Mon 15 Jul 2019

The ICO flexes its GDPR muscles - beware

25 May 2019 was the first anniversary of the introduction of the General Data Protection Regulation (GDPR), so the GDPR celebrated its first birthday less than two months ago. If it had been a baby, it would only now be starting to walk confidently, and probably causing minor alarm by climbing up the furniture. However, the GDPR, guided by the UK Information Commissioner's Office (ICO) has gone way beyond that level of agility.

Since the start of July, the ICO has announced its intention to fine Marriott International and British Airways £99.3m and £183.39m respectively for breaches of the GDPR. Those staggering fines both came after a very quiet year immediately following the introduction of the GDPR - the calm before the storm, as it turns out.

Given the sheer size of the intended fines, and the dates of the incidents leading to them (thought to have been June 2018 in the case of BA, and 2014 in the case of Marriott), it's fair to assume that the ICO has been investigating both matters for quite some time. The Marriott breach was actually suffered by Starwood Hotels Group before Marriott bought Starwood in 2016 (and pre-GDPR), so Marriott 'inherited' the liability. However, it seems that the Marriott fine relates not only to the original breach, but also a failure of Marriot's due diligence when it was planning to buy Starwood, as well as a subsequent failure by Marriot to secure its data properly after it had bought Starwood.

There's still some way to go before any money is paid to the ICO because BA and Marriot both have an opportunity to appeal, but the ICO has clearly shown that it isn't going to be pulling any punches. Even if the final fines were to be reduced quite substantially they'd still be hefty and certainly way in excess of the previous joint record of £500,000 that Facebook was fined (for the Cambridge Analytica breach) and Equifax for the release of data about 15 million UK residents. Admittedly those fines were under the pre-GDPR regime and would certainly have been higher had there not been a £500,000 cap, but we’re very much into new territory with fines of tens of millions of pounds.

I’d be surprised if the board of BA consider themselves to be lucky, but if they're looking for a silver lining to their cloud they may take a crumb of comfort from the fact that a maximum fine of 4% of annual turnover would have been nearer £500m.

So what can we learn from these fines:

  1. the ICO takes a very dim view of companies that don't have appropriate security measures to protect personal data. The ICO can and will impose painful penalties; and
  2. if you’re buying a company, do thorough legal and technical IT and data due diligence. Make sure you know what you’re buying. It seems that the Starwood breach didn't happen on Marriot's watch, but Marriot is now having to foot the bill.

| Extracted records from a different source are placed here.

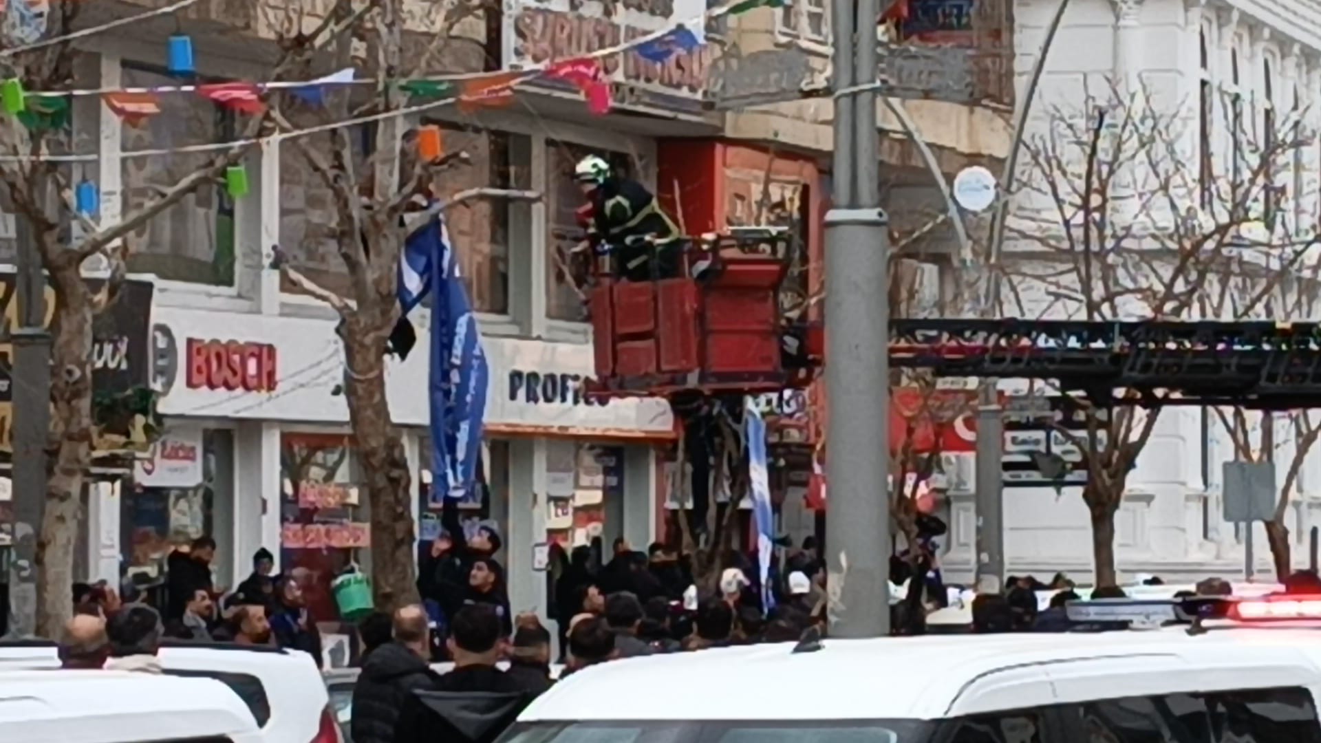 Öte yandan çıkan arbede sırasında bir zabıta memuru kimliği belirsiz kişi veya kişilerce darp edildi yaralı zabıta memuru hastanede tedavi altına alınırken asılı pankart ise itfaiye ekipleri tarafından söküldü.
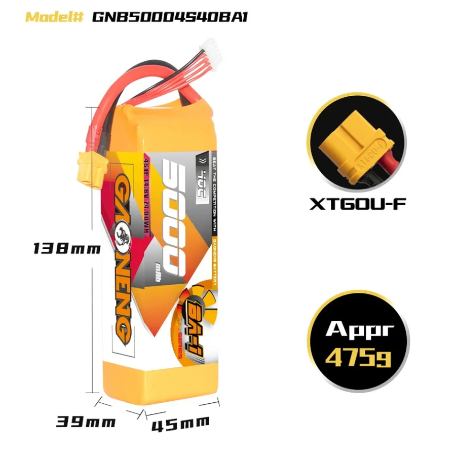 – Model: GNB 5000mAh 4S 40C LiPo Battery
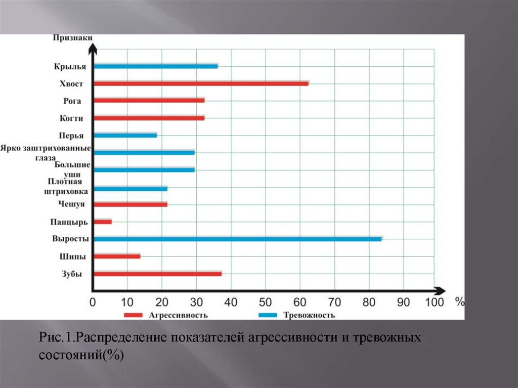 Рис.1.Распределение показателей агрессивности и тревожныхсостояний(%)
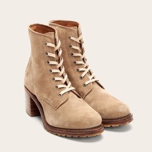 $399 Frye Sabrina 6G Lace Up Beige/Tan Suede/Leather Combat Heeled Ankle Booties

Looking at the ICO's recent Annual Report for the year ending on 31 March 2019, it does seem that monetary penalties are seen as an absolute last resort for the worst data breaches. Of the 13,840 personal data breaches reported to the ICO in that year:

  • 82.01% were determined to require no further action (either because the organisation in breach had measures in place or had otherwise addressed the breach);
  • 17.23% required some further action;
  • 0.39% needed an improvement plan or an audit visit; and
  • 0.05% resulted in financial penalties being pursued.

British Airways and Marriot are therefore in very rarefied company, but I doubt that is of much comfort to them either.